• **DATA FOR REVIEW**
-=-=-=-=-
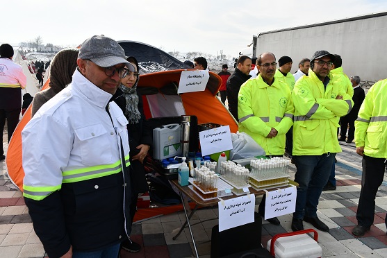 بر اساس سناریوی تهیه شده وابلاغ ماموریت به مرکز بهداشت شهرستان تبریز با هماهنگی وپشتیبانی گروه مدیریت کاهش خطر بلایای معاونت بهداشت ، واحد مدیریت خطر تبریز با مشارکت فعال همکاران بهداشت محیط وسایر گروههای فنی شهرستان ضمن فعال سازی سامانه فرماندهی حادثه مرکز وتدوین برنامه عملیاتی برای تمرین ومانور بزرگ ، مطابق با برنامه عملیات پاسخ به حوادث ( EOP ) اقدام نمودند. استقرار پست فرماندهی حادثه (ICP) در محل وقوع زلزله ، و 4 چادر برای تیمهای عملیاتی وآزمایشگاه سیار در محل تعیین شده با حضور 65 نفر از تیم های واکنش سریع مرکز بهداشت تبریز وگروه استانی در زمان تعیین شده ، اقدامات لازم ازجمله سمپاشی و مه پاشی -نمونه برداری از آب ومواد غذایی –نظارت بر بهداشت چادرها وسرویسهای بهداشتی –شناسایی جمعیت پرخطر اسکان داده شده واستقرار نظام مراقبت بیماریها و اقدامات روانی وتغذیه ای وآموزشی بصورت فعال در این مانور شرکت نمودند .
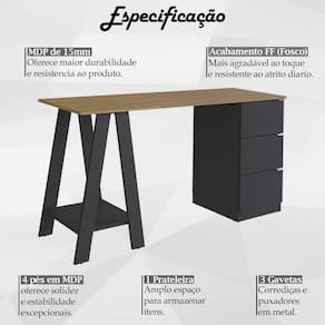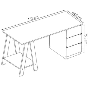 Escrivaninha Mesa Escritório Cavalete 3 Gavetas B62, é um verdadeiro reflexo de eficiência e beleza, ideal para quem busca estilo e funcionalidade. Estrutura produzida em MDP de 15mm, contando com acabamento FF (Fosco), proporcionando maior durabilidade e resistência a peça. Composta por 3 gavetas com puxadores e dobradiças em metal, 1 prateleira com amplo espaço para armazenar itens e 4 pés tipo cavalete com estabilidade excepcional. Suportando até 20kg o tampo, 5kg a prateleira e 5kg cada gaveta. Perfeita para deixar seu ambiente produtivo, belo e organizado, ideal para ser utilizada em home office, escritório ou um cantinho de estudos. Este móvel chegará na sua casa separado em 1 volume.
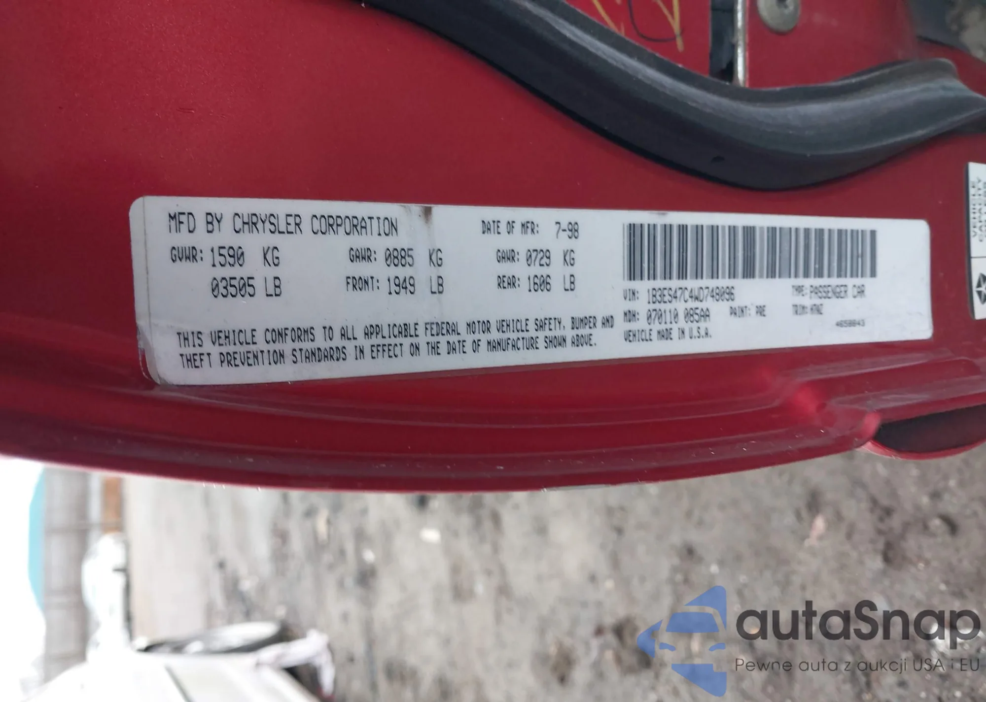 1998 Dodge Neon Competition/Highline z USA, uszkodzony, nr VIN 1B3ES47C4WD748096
-=-=-=-=-
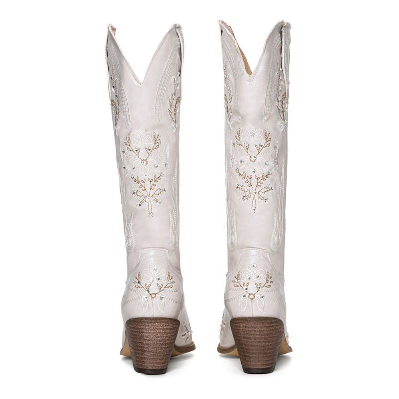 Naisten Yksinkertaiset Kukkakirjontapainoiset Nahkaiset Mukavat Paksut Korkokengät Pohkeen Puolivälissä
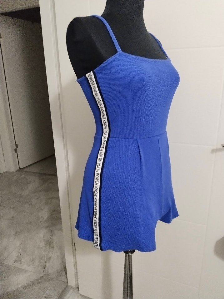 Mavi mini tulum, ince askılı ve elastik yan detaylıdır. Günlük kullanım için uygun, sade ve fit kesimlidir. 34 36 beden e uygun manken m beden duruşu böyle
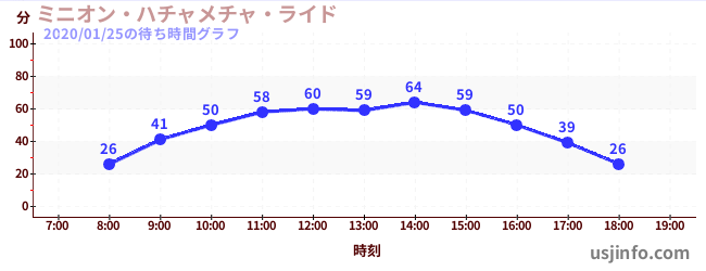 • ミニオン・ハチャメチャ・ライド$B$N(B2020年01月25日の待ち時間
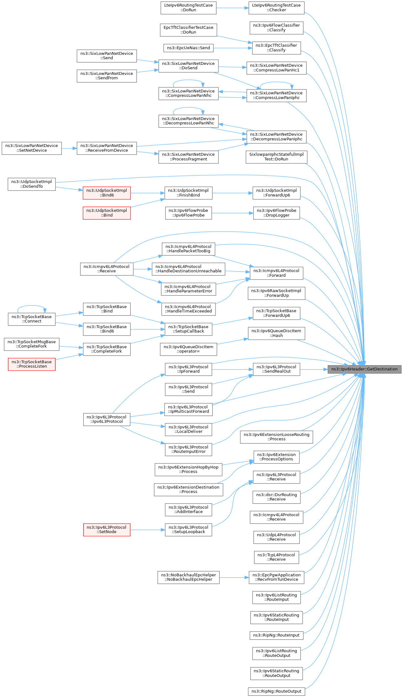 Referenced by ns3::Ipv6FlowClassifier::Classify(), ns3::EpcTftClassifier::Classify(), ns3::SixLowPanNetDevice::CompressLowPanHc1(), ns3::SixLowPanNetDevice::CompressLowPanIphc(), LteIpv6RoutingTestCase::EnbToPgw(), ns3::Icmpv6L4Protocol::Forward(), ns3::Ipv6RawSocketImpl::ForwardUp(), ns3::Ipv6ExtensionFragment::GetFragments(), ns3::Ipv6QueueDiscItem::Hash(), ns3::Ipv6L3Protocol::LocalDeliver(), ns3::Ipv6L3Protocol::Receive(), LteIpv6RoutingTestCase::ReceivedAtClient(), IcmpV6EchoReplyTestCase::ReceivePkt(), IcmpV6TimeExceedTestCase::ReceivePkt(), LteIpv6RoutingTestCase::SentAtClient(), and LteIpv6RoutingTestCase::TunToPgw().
-=-=-=-=-
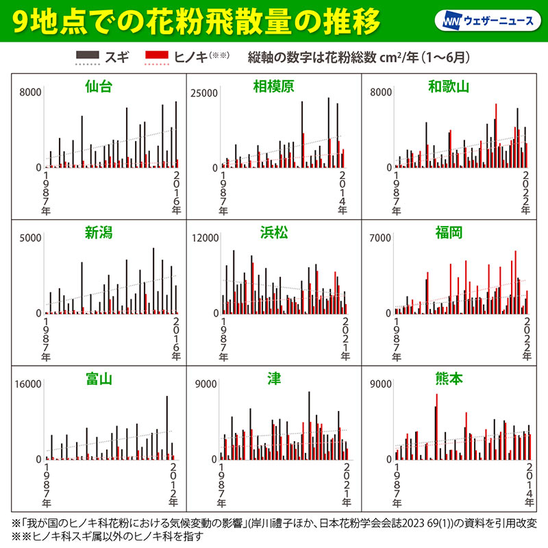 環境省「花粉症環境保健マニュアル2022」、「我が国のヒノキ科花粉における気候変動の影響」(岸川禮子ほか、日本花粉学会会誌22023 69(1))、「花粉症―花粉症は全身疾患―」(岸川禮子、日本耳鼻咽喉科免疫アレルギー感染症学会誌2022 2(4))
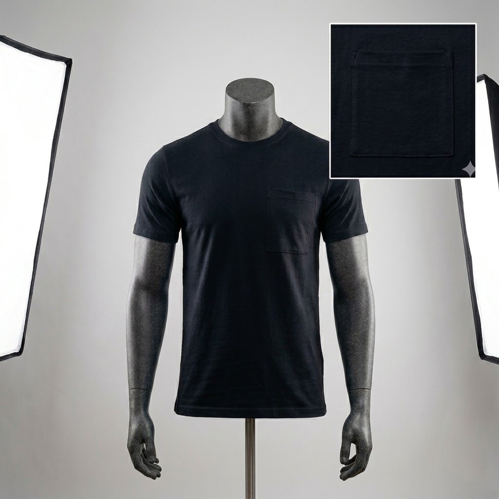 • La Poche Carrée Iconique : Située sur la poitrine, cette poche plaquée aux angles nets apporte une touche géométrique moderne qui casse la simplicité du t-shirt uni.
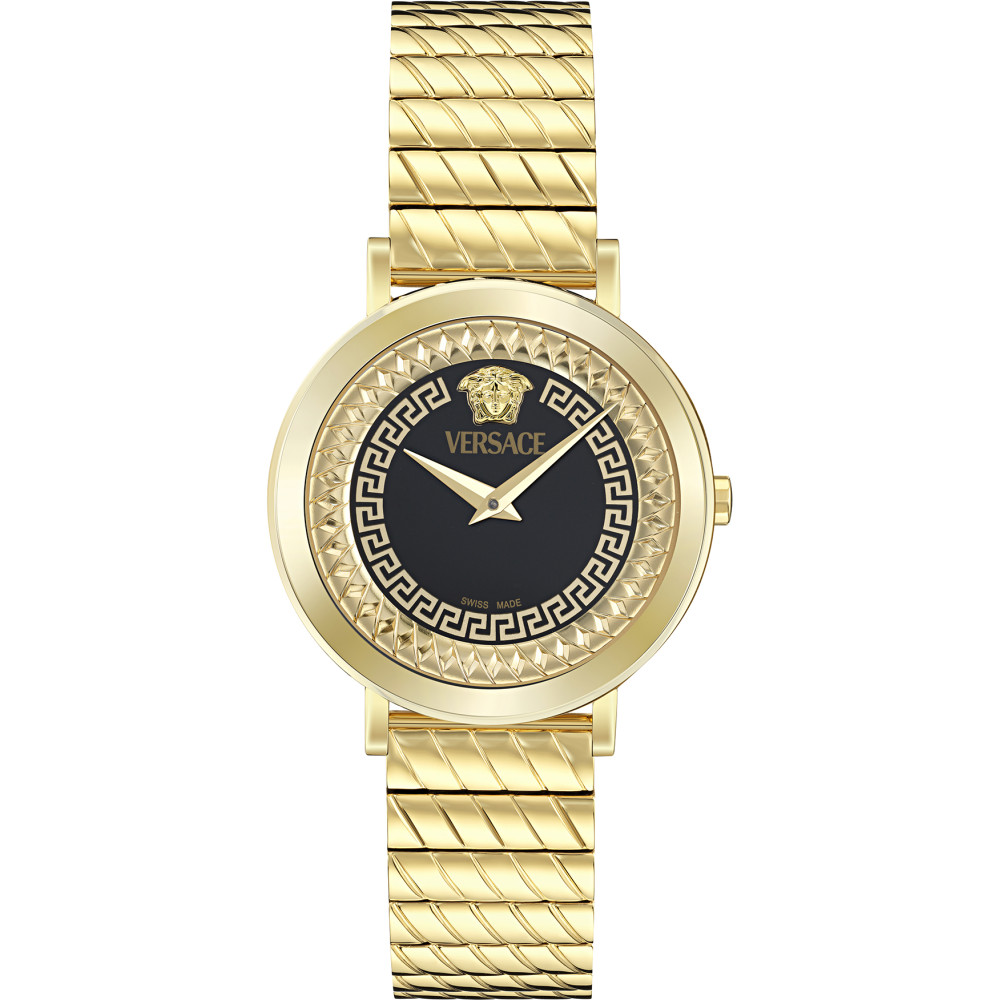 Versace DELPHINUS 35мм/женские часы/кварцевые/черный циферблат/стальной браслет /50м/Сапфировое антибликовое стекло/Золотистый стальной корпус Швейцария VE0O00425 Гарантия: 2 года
-=-=-=-=-
• **PROBLEM DETAILS**
In the material above, which lines fall between the one holding "بر اساس سناریوی" and the one holding "1998 Dodge Neon", inclusive? Print exactly those, with the pictures left out.

• **TASK SOLUTION**
 بر اساس سناریوی تهیه شده وابلاغ ماموریت به مرکز بهداشت شهرستان تبریز با هماهنگی وپشتیبانی گروه مدیریت کاهش خطر بلایای معاونت بهداشت ، واحد مدیریت خطر تبریز با مشارکت فعال همکاران بهداشت محیط وسایر گروههای فنی شهرستان ضمن فعال سازی سامانه فرماندهی حادثه مرکز وتدوین برنامه عملیاتی برای تمرین ومانور بزرگ ، مطابق با برنامه عملیات پاسخ به حوادث ( EOP ) اقدام نمودند. استقرار پست فرماندهی حادثه (ICP) در محل وقوع زلزله ، و 4 چادر برای تیمهای عملیاتی وآزمایشگاه سیار در محل تعیین شده با حضور 65 نفر از تیم های واکنش سریع مرکز بهداشت تبریز وگروه استانی در زمان تعیین شده ، اقدامات لازم ازجمله سمپاشی و مه پاشی -نمونه برداری از آب ومواد غذایی –نظارت بر بهداشت چادرها وسرویسهای بهداشتی –شناسایی جمعیت پرخطر اسکان داده شده واستقرار نظام مراقبت بیماریها و اقدامات روانی وتغذیه ای وآموزشی بصورت فعال در این مانور شرکت نمودند .
 Escrivaninha Mesa Escritório Cavalete 3 Gavetas B62, é um verdadeiro reflexo de eficiência e beleza, ideal para quem busca estilo e funcionalidade. Estrutura produzida em MDP de 15mm, contando com acabamento FF (Fosco), proporcionando maior durabilidade e resistência a peça. Composta por 3 gavetas com puxadores e dobradiças em metal, 1 prateleira com amplo espaço para armazenar itens e 4 pés tipo cavalete com estabilidade excepcional. Suportando até 20kg o tampo, 5kg a prateleira e 5kg cada gaveta. Perfeita para deixar seu ambiente produtivo, belo e organizado, ideal para ser utilizada em home office, escritório ou um cantinho de estudos. Este móvel chegará na sua casa separado em 1 volume.
 1998 Dodge Neon Competition/Highline z USA, uszkodzony, nr VIN 1B3ES47C4WD748096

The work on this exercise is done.